First, there was laughter—of different kinds. Dominant, at least to my ears, was what I would dub the ‘covert laughter’ of people finding they could again laugh publicly at things that they had been trained not to find funny: the symptoms of mental and physical disability and their social effects. If Von Trier had made a comedy about someone who was handicapped, he would not have found as receptive a public as those that watched the slapstick farces of our black-and-white past. Most of us have learnt to feel that such mockery is distasteful and wrong, just as we have learnt (over the ages) not to consume other human beings, challenge opponents to duels, and so on. But if you present ‘normal’ people playing mental and physical disabilities, you provide an excuse for indulging in some cultured, covertly cruel laughter. Watching some of these people watch The Idiots, I was struck by the thought that the title of Von Trier’s film might allude not to the actors but to members of the audience. For such a gambit is not new to Von Trier’s art, as we shall see.

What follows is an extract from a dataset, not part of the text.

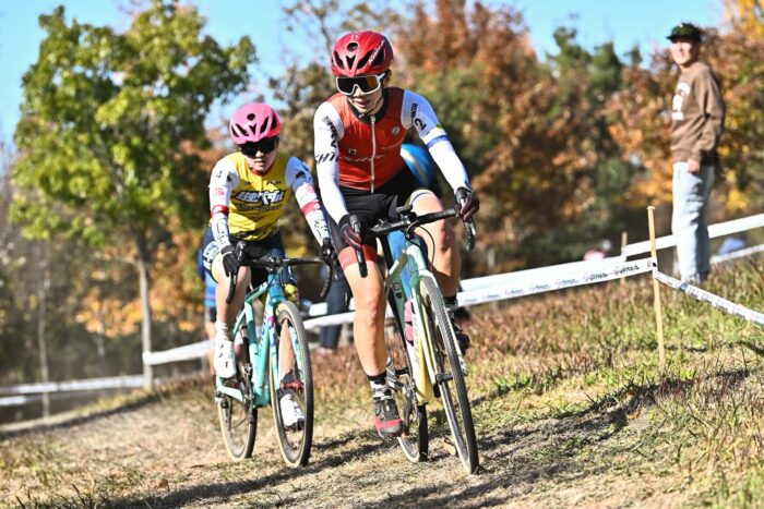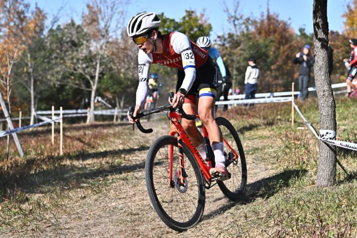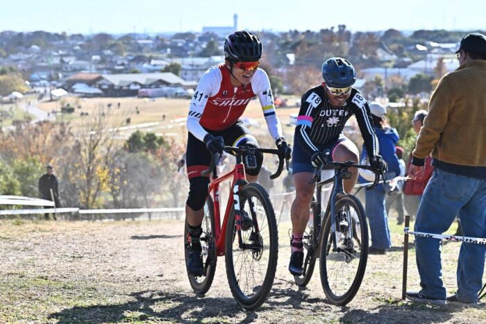 大きな丘が特徴的な会場で、丘を登り、丘を下るレイアウトは昨年と大きな変更なし。昨年は登りが直登気味だったのが今年は少し九十九折り気味になって斜度が緩まったのと、上りの回数が昨年よりも若干減った印象。コンデションは昨年が大会数日前に振った雨の影響でメインエリア付近が泥どろだったのが、今年は完全にドライ。丘の下りも乾いてフカフカになっている箇所が増えていました。逆バンク気味のコーナーが多いので、勢いだけで攻めてしまうと落車リスクがあるので、注意が必要です。

This particular sort of laughter was not always unconscious, though it was never addressed by reviewers. Instead, what reviewers and filmgoers discussed was the way in which The Idiots satirizes ‘political correctness’, connecting it to Denmark’s supposedly ‘communal ethos’. In fact, Roberts’s remark that ‘Von Trier himself grew up in a commune’ attributes greater visibility and coherence to Danish communes than is justified by facts. These are not Israeli Kibbutzim. It might even be argued that Danish communes have been less vehicles of community and social democracy than of bourgeois hegemony in a small, homogeneous nation which could easily transform its ‘native’ proletariat into a kind of quasi-bourgeoisie. Certainly, it is striking how harshly the only substantial ‘replacement proletariat’ in Denmark today—coloured immigrants—are actually treated by the state and by communes alike. Whatever its international noises about human rights, Denmark has some of the most draconian laws in Europe dealing with immigrants and refugees. Thus the tendency to see—and celebrate—The Idiots as an attack on ‘political correctness’ evokes another kind of complicit laughter. It is easier to mock this correctness in an exaggerated, enacted situation than to do so openly in real life. But one should realize what such elbowing and nudging implies. Assaults on ‘political correctness’ in the United States have all too often been attacks on anyone who finds racist, sexist or homophobic language offensive. Reactions in Denmark have been even more retrograde. Here ‘political correctness’ has been dismissed as an American fad, without the slightest sense of any potential for linguistic contention in the Danish language. Inuit are still called ‘Eskimo’ at leading academic conferences, and a court has reportedly ruled that the Danish equivalent of ‘nigger’ (pronounced similarly) can be used in public discourse as it does not have any negative connotations. No educated Dane would bat an eyelid at descriptions of members of a women’s handball team as girls, though male teams naturally consist of men.

The Idiots offers, however, a clue to a deeper strand in Von Trier’s cinema. In the series/film that made his name, the first four episodes of Riget (The Kingdom), one can see a device developing that he has since put to work in a range of different settings—the now widespread postmodern ploy of aporia, or ‘unresolved doubt’. The mysterious happenings and voices in the hospital of The Kingdom have both material and spiritual ‘explanations’, objective or subjective origins, between which the film leaves interpretation calculatedly suspended. This is the same manoeuvre we find in the drowning-that-is-a-miracle towards the end of Salman Rushdie’s Satanic Verses, in Raju’s sensation of rain in R. K. Narayan’s Guide, in the narrative of Kieslowski’s Double Vie de Veronique and Three Colours: Red, and incidents in a host of other books and films. Between mystical and mundane readings, the issue is deliberately left unresolved.